- ACTIVITY
A faithful, word-for-word copy of the records is required, and it must contain no pictures.

- WORKING DATA
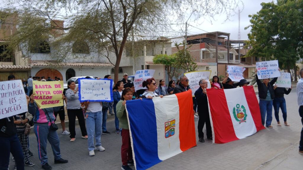 Vecinos de Villa Hermosa, en el distrito Veintiséis de Octubre, protestaron este lunes en la sede de EPS Grau para exigir una solución definitiva al colapso de desagües que, desde hace años, expone a la población a malos olores, aniegos y riesgos para su salud.
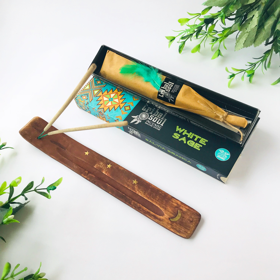 Incienso artesanal de India a base de Salvia Blanca; su aroma fresco purifica el ambiente, alivia condiciones respiratorias y es usado como herramienta espiritual y curativa.
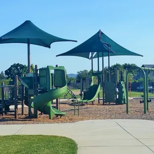 So thanks to the Yelp "Nearby" function, we found this park after having lunch in the area. It's a great family park to visit! A nice, hidden gem in Brentwood. We went to the park at about 3:00 pm on a Sunday afternoon. LOCATIONSungold Park is located at the end of Sungold Court, all the way at the end of the street, on the right side. See my pics. Street parking available, though, not lots of it, but it wasn't very busy when we were there, only about two other families. THE LOWDOWN Sungold Park is well designed because of the way it's laid out, it's easy to watch your kids. There are TWO PLAYGROUNDS at this park, one for older kids and one for younger children. There are four regular swings (no baby swings) and 2 big slides, 1 toddler slide, a stand-on merry-go-round for two, rolling tic-tac-toe, and a speakerphone/old school telephone function for kids on the play structure. The ground of the structure is covered with tanbark. Nice features of the park are that the two play structures are partly COVERED WITH AN UMBRELLA. There are also four COVERED TABLES by the BBQ area. There are two checkerboard tables that seat two per table. On the opposite side, there are two more bigger tables/benches that sit six each per table. There are two BBQ grills. Several garbage cans throughout and plenty of BENCHES around the perimeter of the play structures, so you can have some refreshments and watch your kids. GOOD TO KNOWThis park is LOCATED RIGHT OFF A BIKE PATH! So it would be a nice park to bike down to with the family or your friends, have a picnic on the grass or on the tables, let the kids play, and then continue on your bike adventure. There is a BIKE BRIDGE right across the park off of a bike path. Also, there is wire FENCING by the residential area, to the right of the play structures, which is a smart design feature. So you don't have to worry about your kids running into the street all of the sudden while they are playing. However, I would keep a closer eye on them if they are playing near the covered benches/tables, which is closer to the street entryway area. For dog owners, there's a pooper scooper bag dispenser. There's drinking fountain water for people and another water spout placed lower that for dogs. I RECOMMENDHave your kids bring their foot scooters or bicycles! There is a smooth sidewalk perimeter around the play structure area (see my pics), where your children can happily scooter or bike around, and they'll still be easily visible to you. RATING This is a great park for the features that I have mentioned. I've rated it a four for being thoughtful in design (fenced for safety, well structured - the kids love playing in it, for having the umbrella cover, and there are ample tables/chairs/benches. If it had a bathroom, I would have given it five stars. We will definitely come back to this park again! Check out my pics, they'll paint the picture of this park for you!
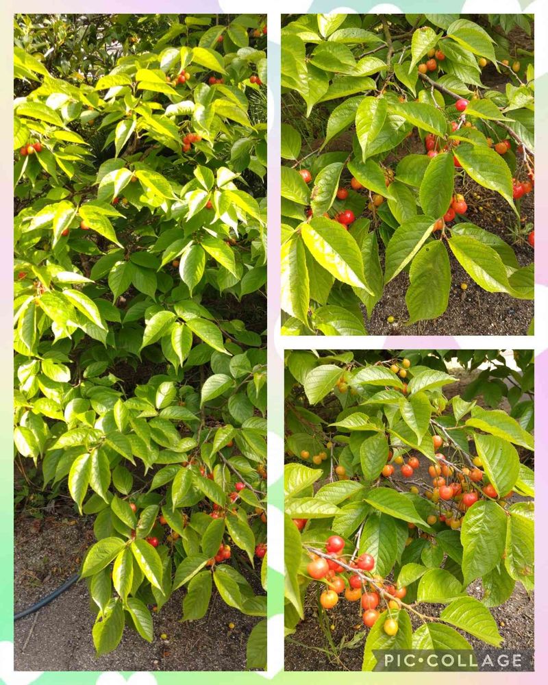 お庭には、桜🌸、サクランボ、梅、松等植えてますが、ちょうど、庭で草刈りしてる息子が、さくらんぼ🍒甘いよ~と主人に勧めまして、食べたら!うん!甘い!になりました!私はシャメに
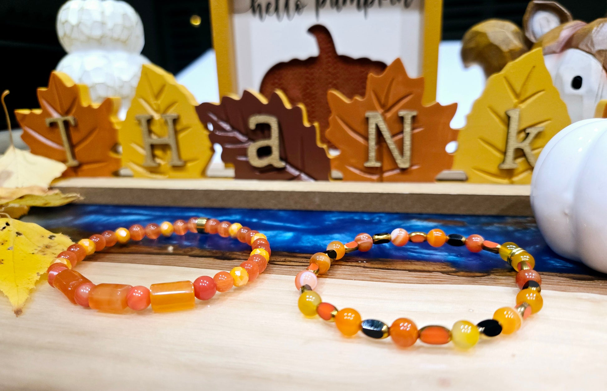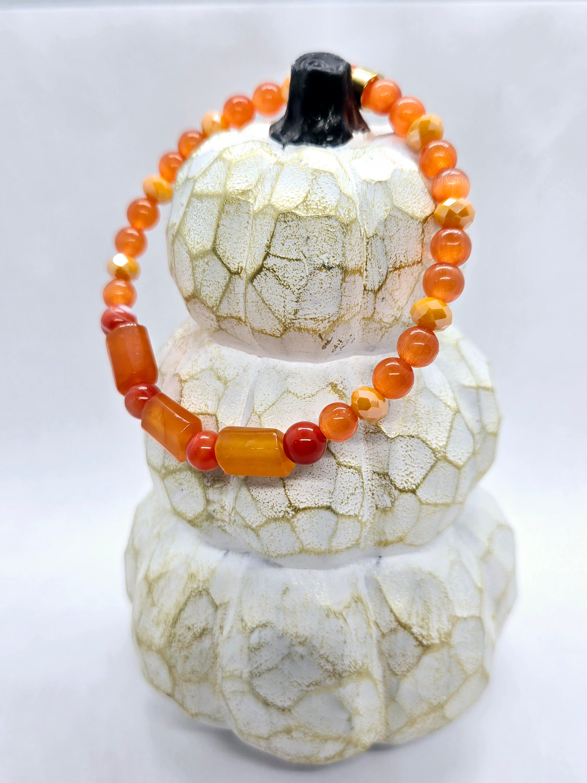 Bracelet made of natural stone beads of orange agate and cat's eye.

- RESULT FOR THIS EXERCISE
 Vecinos de Villa Hermosa, en el distrito Veintiséis de Octubre, protestaron este lunes en la sede de EPS Grau para exigir una solución definitiva al colapso de desagües que, desde hace años, expone a la población a malos olores, aniegos y riesgos para su salud.
 Incienso artesanal de India a base de Salvia Blanca; su aroma fresco purifica el ambiente, alivia condiciones respiratorias y es usado como herramienta espiritual y curativa.
 So thanks to the Yelp "Nearby" function, we found this park after having lunch in the area. It's a great family park to visit! A nice, hidden gem in Brentwood. We went to the park at about 3:00 pm on a Sunday afternoon. LOCATIONSungold Park is located at the end of Sungold Court, all the way at the end of the street, on the right side. See my pics. Street parking available, though, not lots of it, but it wasn't very busy when we were there, only about two other families. THE LOWDOWN Sungold Park is well designed because of the way it's laid out, it's easy to watch your kids. There are TWO PLAYGROUNDS at this park, one for older kids and one for younger children. There are four regular swings (no baby swings) and 2 big slides, 1 toddler slide, a stand-on merry-go-round for two, rolling tic-tac-toe, and a speakerphone/old school telephone function for kids on the play structure. The ground of the structure is covered with tanbark. Nice features of the park are that the two play structures are partly COVERED WITH AN UMBRELLA. There are also four COVERED TABLES by the BBQ area. There are two checkerboard tables that seat two per table. On the opposite side, there are two more bigger tables/benches that sit six each per table. There are two BBQ grills. Several garbage cans throughout and plenty of BENCHES around the perimeter of the play structures, so you can have some refreshments and watch your kids. GOOD TO KNOWThis park is LOCATED RIGHT OFF A BIKE PATH! So it would be a nice park to bike down to with the family or your friends, have a picnic on the grass or on the tables, let the kids play, and then continue on your bike adventure. There is a BIKE BRIDGE right across the park off of a bike path. Also, there is wire FENCING by the residential area, to the right of the play structures, which is a smart design feature. So you don't have to worry about your kids running into the street all of the sudden while they are playing. However, I would keep a closer eye on them if they are playing near the covered benches/tables, which is closer to the street entryway area. For dog owners, there's a pooper scooper bag dispenser. There's drinking fountain water for people and another water spout placed lower that for dogs. I RECOMMENDHave your kids bring their foot scooters or bicycles! There is a smooth sidewalk perimeter around the play structure area (see my pics), where your children can happily scooter or bike around, and they'll still be easily visible to you. RATING This is a great park for the features that I have mentioned. I've rated it a four for being thoughtful in design (fenced for safety, well structured - the kids love playing in it, for having the umbrella cover, and there are ample tables/chairs/benches. If it had a bathroom, I would have given it five stars. We will definitely come back to this park again! Check out my pics, they'll paint the picture of this park for you!
 お庭には、桜🌸、サクランボ、梅、松等植えてますが、ちょうど、庭で草刈りしてる息子が、さくらんぼ🍒甘いよ~と主人に勧めまして、食べたら!うん!甘い!になりました!私はシャメに
 Bracelet made of natural stone beads of orange agate and cat's eye.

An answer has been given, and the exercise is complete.